▶ _Task directions_
The output must match the lines from the first line of the listing below through the line holding "关于融水三桥工程施工期间临时助航标志设置的航道通告" exactly and must contain no pictures.

▶ _Given data_

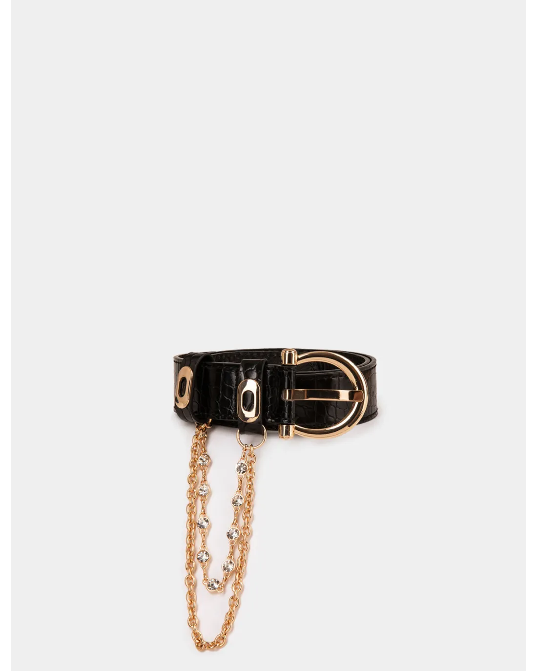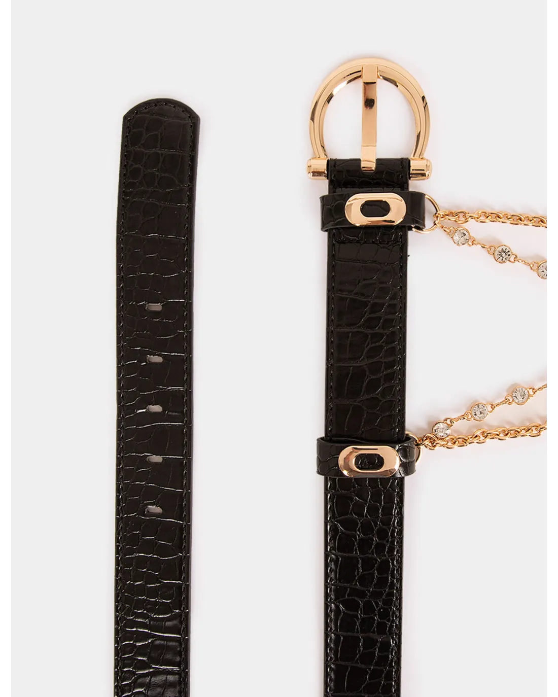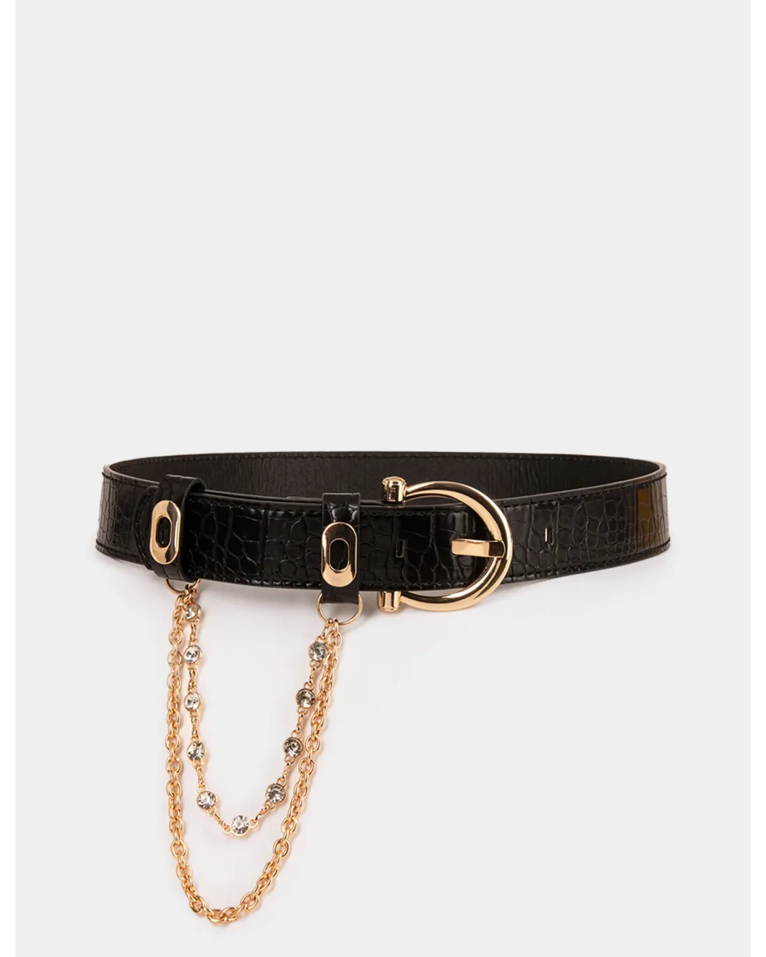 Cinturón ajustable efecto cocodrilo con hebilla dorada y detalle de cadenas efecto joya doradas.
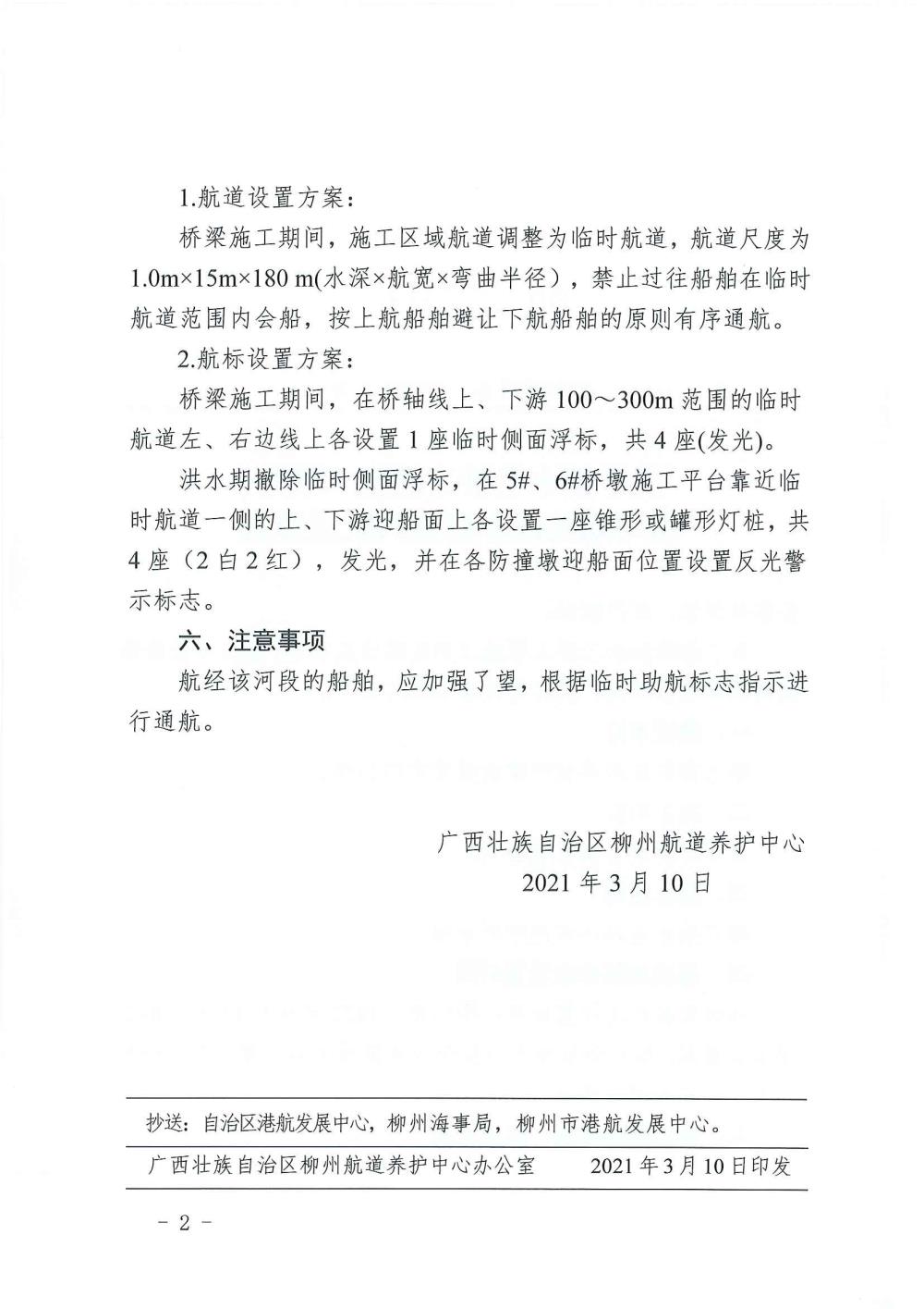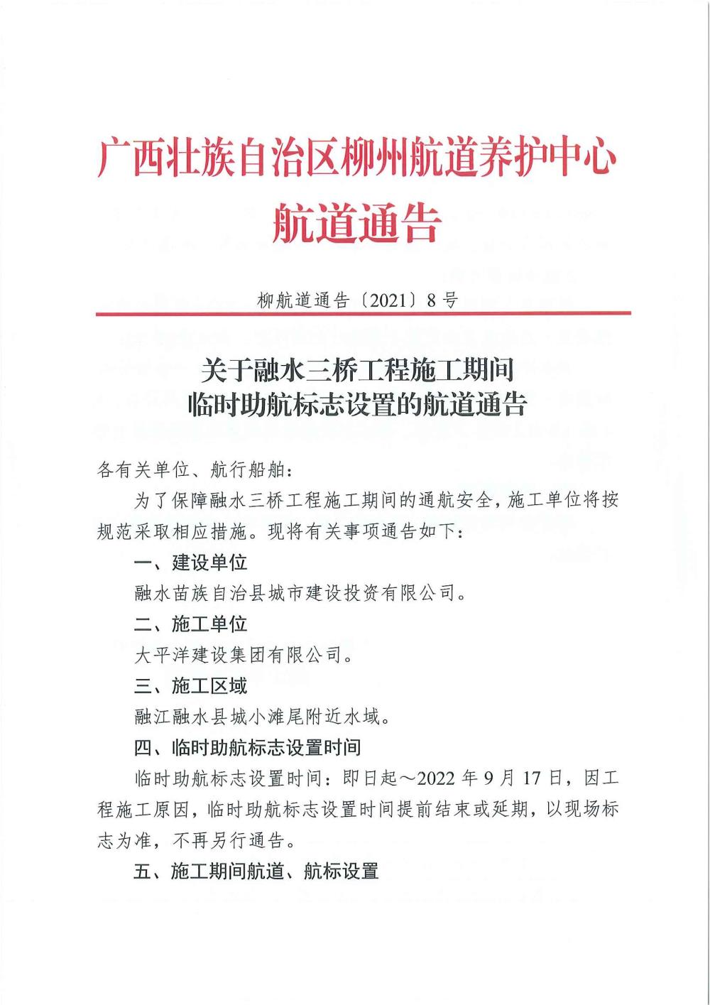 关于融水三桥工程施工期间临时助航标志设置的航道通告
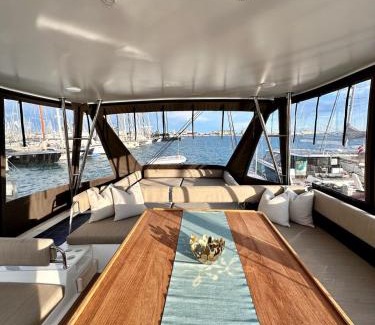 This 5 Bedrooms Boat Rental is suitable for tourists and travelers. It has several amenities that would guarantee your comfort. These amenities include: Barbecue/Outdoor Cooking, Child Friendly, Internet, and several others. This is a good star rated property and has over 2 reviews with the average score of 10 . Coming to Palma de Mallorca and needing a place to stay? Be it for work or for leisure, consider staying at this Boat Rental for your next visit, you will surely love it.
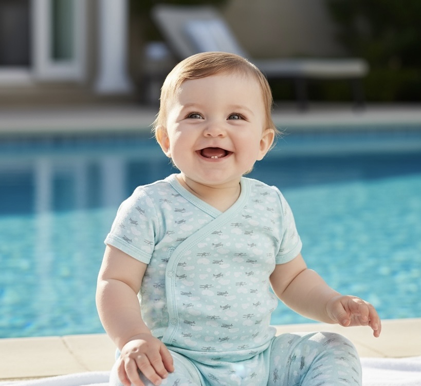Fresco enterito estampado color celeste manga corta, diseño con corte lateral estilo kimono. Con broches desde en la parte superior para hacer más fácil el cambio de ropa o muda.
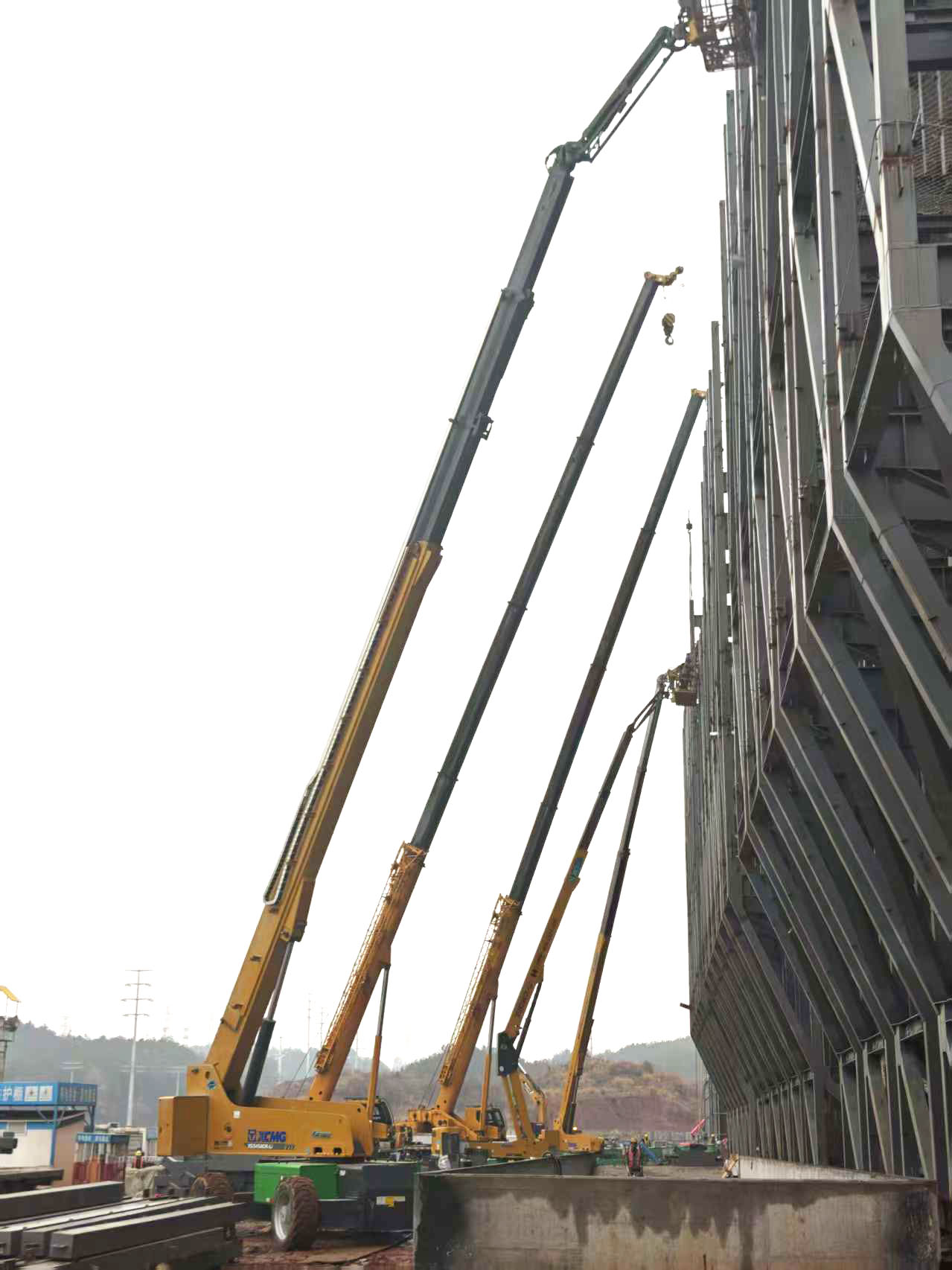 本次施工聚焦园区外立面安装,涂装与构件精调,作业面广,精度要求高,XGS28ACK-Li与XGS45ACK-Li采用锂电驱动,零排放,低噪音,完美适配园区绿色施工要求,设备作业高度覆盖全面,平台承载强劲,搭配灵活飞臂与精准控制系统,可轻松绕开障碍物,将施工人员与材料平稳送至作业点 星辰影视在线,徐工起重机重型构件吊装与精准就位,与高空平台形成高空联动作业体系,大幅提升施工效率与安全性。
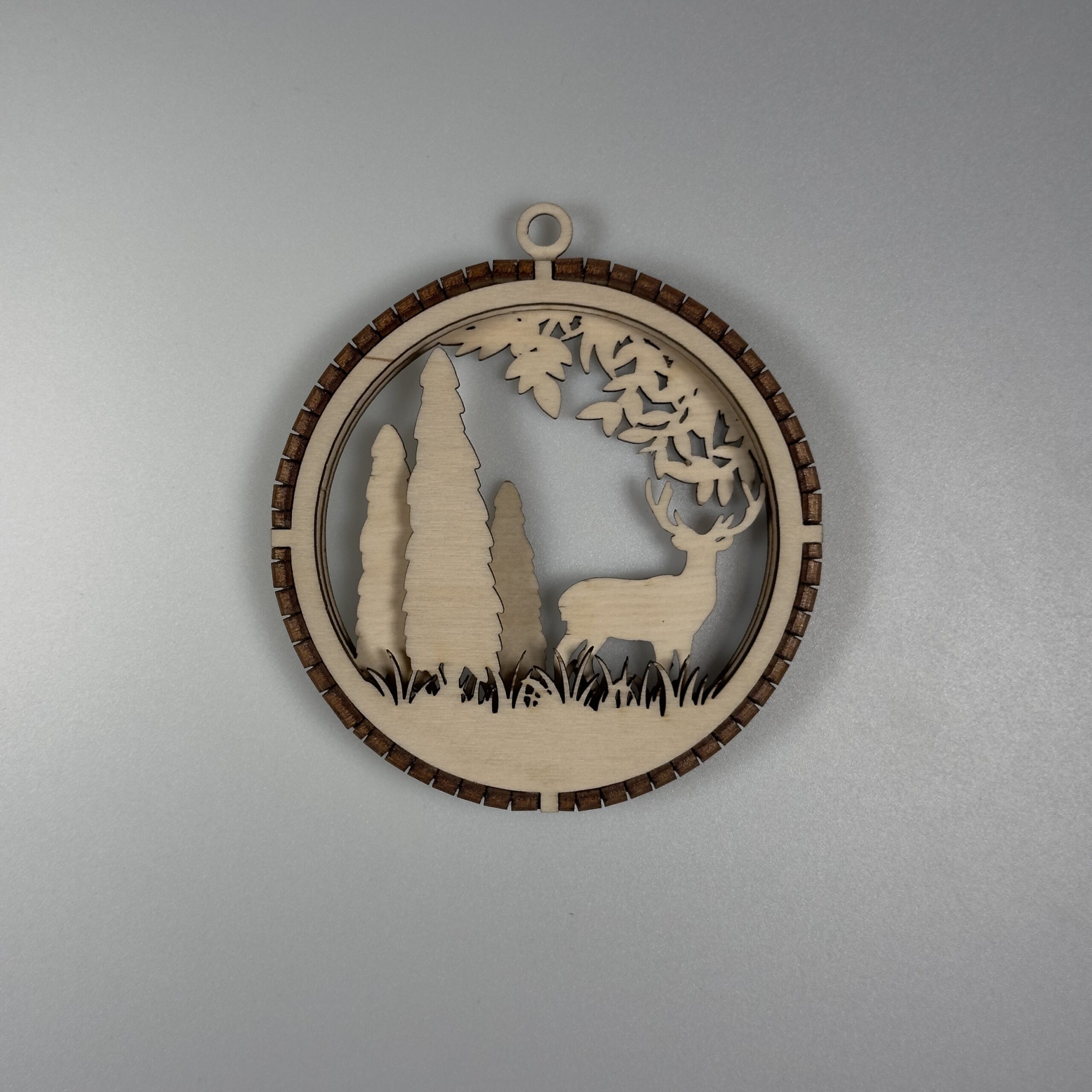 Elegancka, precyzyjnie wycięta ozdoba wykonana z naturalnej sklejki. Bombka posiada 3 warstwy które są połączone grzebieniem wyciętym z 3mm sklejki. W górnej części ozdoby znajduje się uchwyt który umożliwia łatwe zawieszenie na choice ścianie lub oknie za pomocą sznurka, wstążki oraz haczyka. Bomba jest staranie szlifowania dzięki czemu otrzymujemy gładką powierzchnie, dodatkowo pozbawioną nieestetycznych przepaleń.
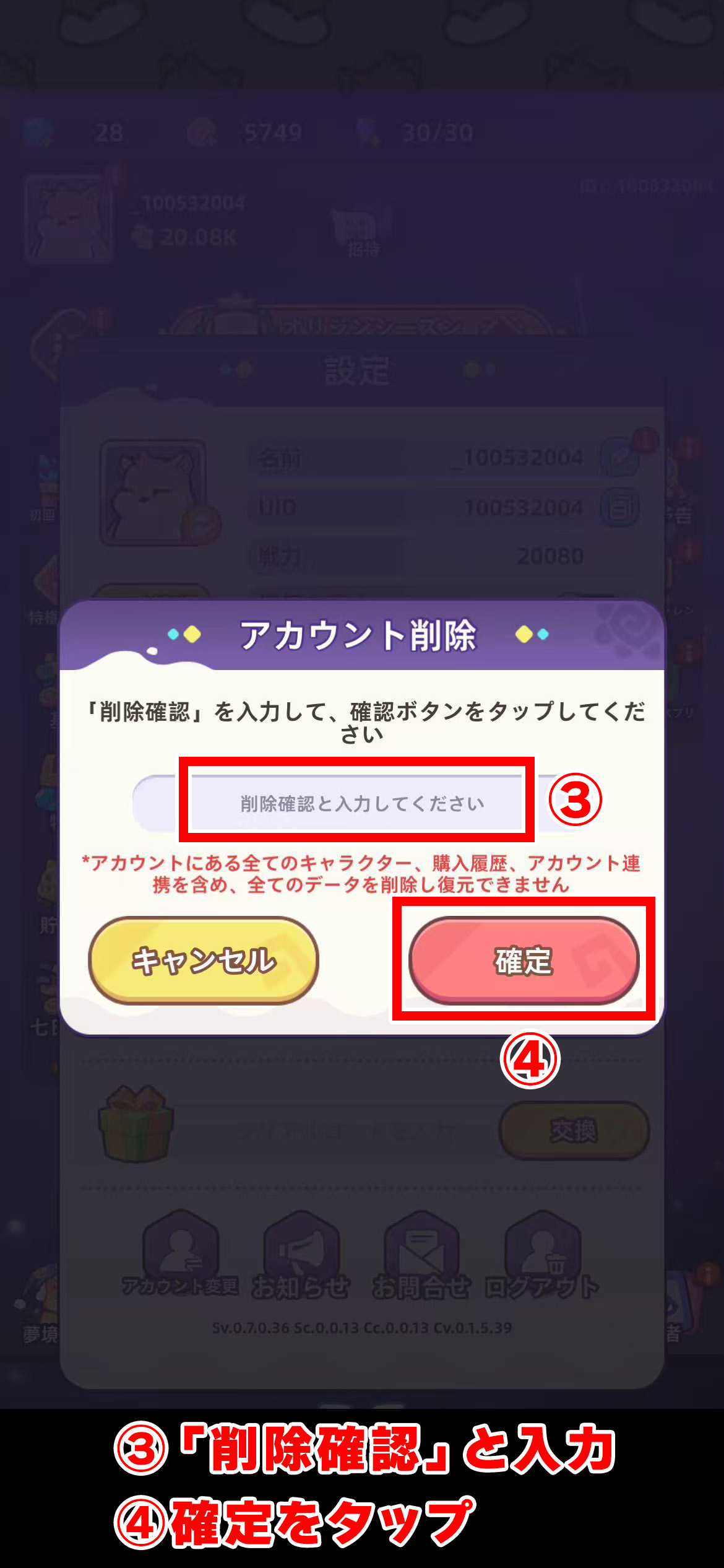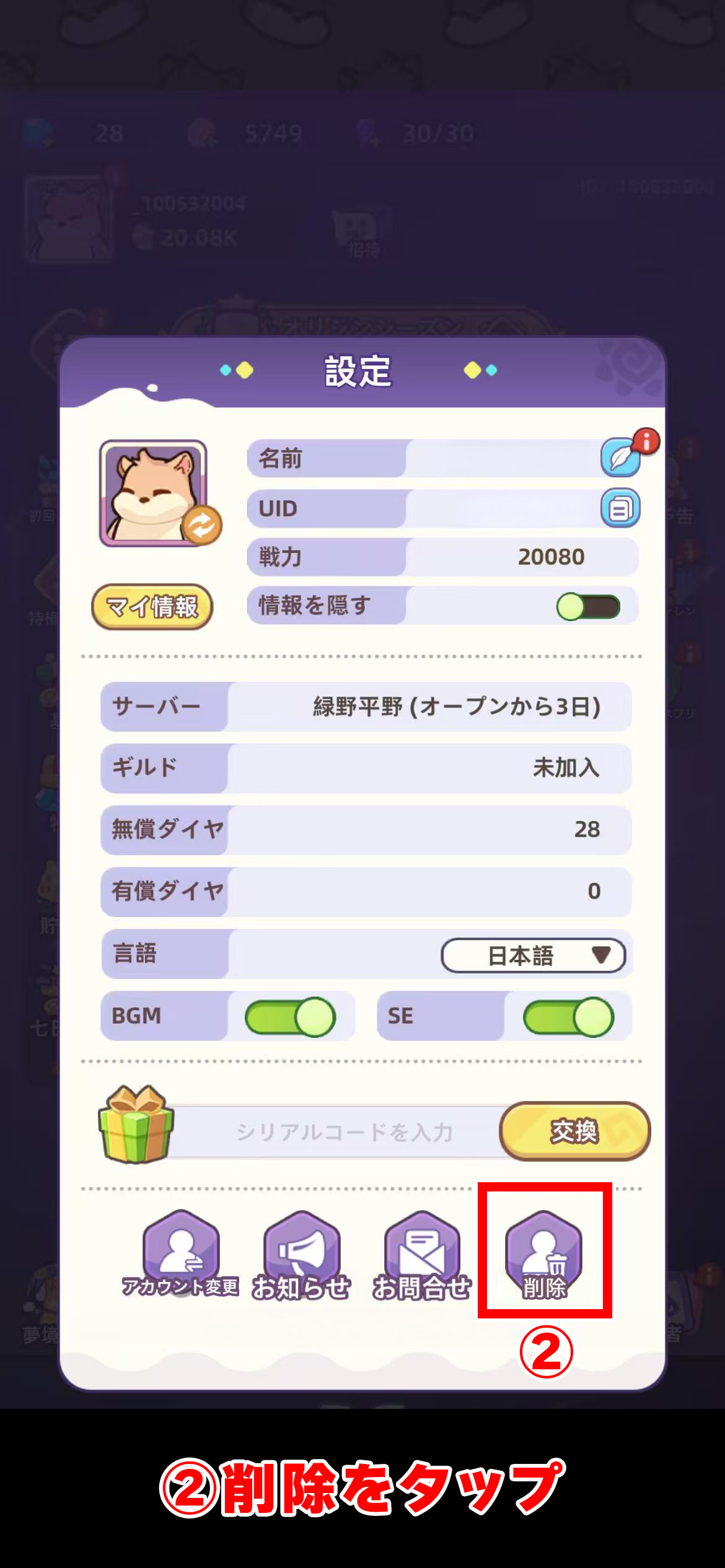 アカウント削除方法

▶ _Response area_
 Cinturón ajustable efecto cocodrilo con hebilla dorada y detalle de cadenas efecto joya doradas.
 关于融水三桥工程施工期间临时助航标志设置的航道通告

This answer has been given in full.